Morning zoo is a format of morning radio show common to English-language radio broadcasting. The name is derived from the "wackiness and zaniness" of the activities, bits, and overall personality of the show and its hosts. The morning zoo concept and name is most often deployed on contemporary hit radio (CHR-Top 40) radio stations.
A morning zoo typically consists of two or more radio personalities, usually ostensibly capable of spontaneous comic interaction as well as competent delivery of news and service elements. Most morning zoo programs involve scripted or live telephone calls, on-air games and regular contests.
The first morning zoo program, focusing on the zany interactions of two hosts, was conceived and performed in 1981 by Scott Shannon and Cleveland Wheeler of WRBQ-FM in Tampa, Florida, known at the time as Q105 FM. Wheeler had been serving as the personality DJ hosting the morning drive program for the station's previous four years. Shannon was the new operations manager in 1981. The two decided to break with tradition and work up a wilder show together, founded on their own playful, irreverent and provocative interaction, with spontaneous bits of parody and comedy leavened with straight news. They called the show the Q Morning Zoo, and it quickly became a hit. At its height it had 85 people working to produce it.

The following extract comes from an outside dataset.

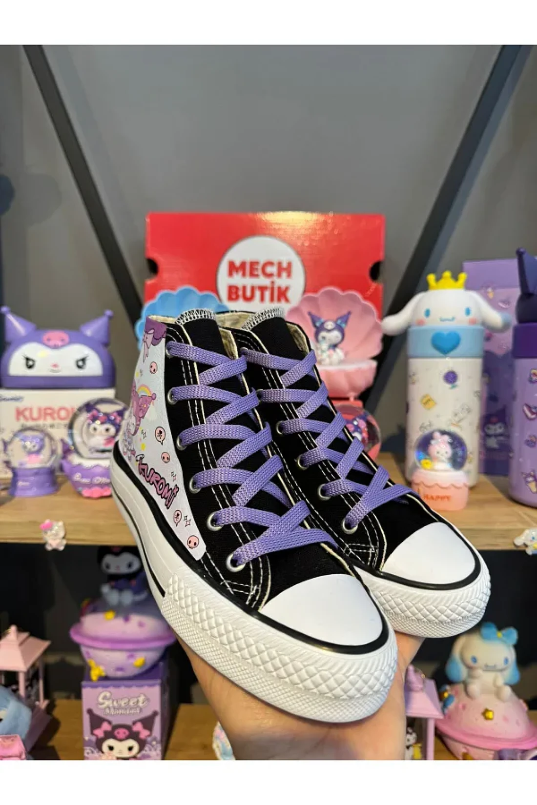 MECH BUTİK Kuromi Full Printed Black High Top Girls' Sports Shoes Sneaker
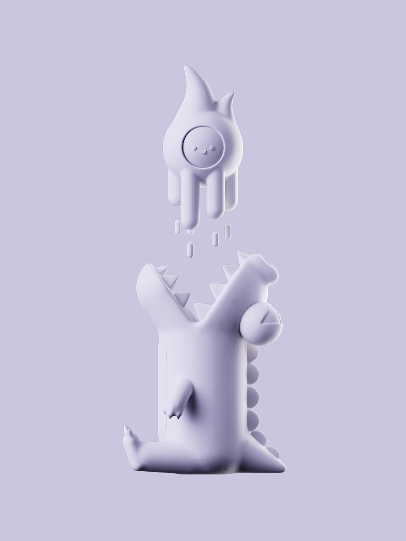3D animation artwork,This piece represents the NO. I and is called Fire-Shy Beast | 厌火獸 🖤🐊🔥There’s no signal here. If you can see this, you’re really lucky🙂

(Prior to this development, radio station KZEW in Dallas was known as "the Zoo" because of its call letters. Beginning in September–October 1976, morning DJ Charlie Kendall hosted a zany show initially named Zooloos In Your Morning, the name being a wordplay on the Zulu people. However, Kendall's was a one-man show, not a "zoo" with multiple radio personalities.)
In July 1983, Shannon left Tampa to reinvent WHTZ "Z-100" in the New York City market, based out of Secaucus, New Jersey. On August 2, Shannon hosted the first Z Morning Zoo at WHTZ, soon settling into a team which included straight man Ross Brittain, newscaster Claire Stevens, public service director Professor Jonathan B. Bell, 22-year-old "Captain" Kevin on the phones, and production manager J. R. Nelson. Shannon's popular new format brought WHTZ from last place to first in just 74 days, and put longtime #1 morning DJ Don Imus in second place. When WHTZ became a huge ratings success, the name and format of the "Morning Zoo" was copied by stations across the USA.